Charity based in London, England

Shepherds Bush Housing Group is made up of two brands: Shepherds Bush Housing Association and BE WEST. Shepherds Bush Housing Association is a housing association based in west London. The Shepherds Bush Housing Association was first established in 1966 by Reverend John Asbridge, vicar of St Stephen's Church, Shepherd's Bush, who sought with his parishioners a means to "acquire and administer property for letting to needy families." By the early 2000s the SBHA owned and managed more than 5,000 homes. In mid 2023 it was reported that the SBHA might merge, or be taken over by, The Guinness Partnership, following a "breach of economic standards".

== History ==
In the early 1960s members of St Stephen's Church, Shepherd's Bush were concerned about the poor conditions in which many parishioners lived. Vicar Reverend John Asbridge led a group of individuals, drawn from the parish and elsewhere, to "acquire and administer property for letting to needy families." The trust's first property was 220 Hammersmith Grove, a handsome but rather run-down four-storey building which was converted into four flats.

The choir vestry at St Stephen’s was used as an office, which was run by volunteers from the parish. In addition, help was given by a number of parishioners who gifted their own houses to the association for use by homeless people.

Asbridge ran the Association for 20 years, retiring in 1988. By the early 21st century the Shepherd's Bush Housing Association owned and managed more than 5,000 homes.

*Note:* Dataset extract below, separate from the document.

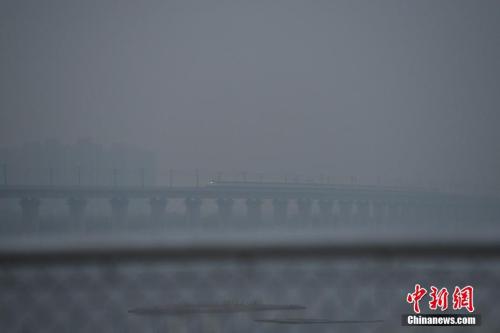 12月1日0時,北京市再啟動空氣重污染黃色預警,圖為一列高鐵在霧霾中經(jīng)過北京房山。 中新社記者 崔楠 攝

In 2022 the UK Government's Regulator of Social Housing (RSH) published a regulatory judgement with regard to the Shepherds Bush Housing Association, after finding a "breach of economic standards".
The Regulator "downgraded the provider for non-compliance with the governance element of the Governance and Financial Viability Standard".
In May 2023 it was reported that The Guinness Partnership was likely to take over the work of the Shepherd's Bush Housing Association, after the latter was found to be "non-compliant with the Regulator of Social Housing’s governance and financial viability standard". Guinness and Shepherd's Bush Housing Association could potentially merge.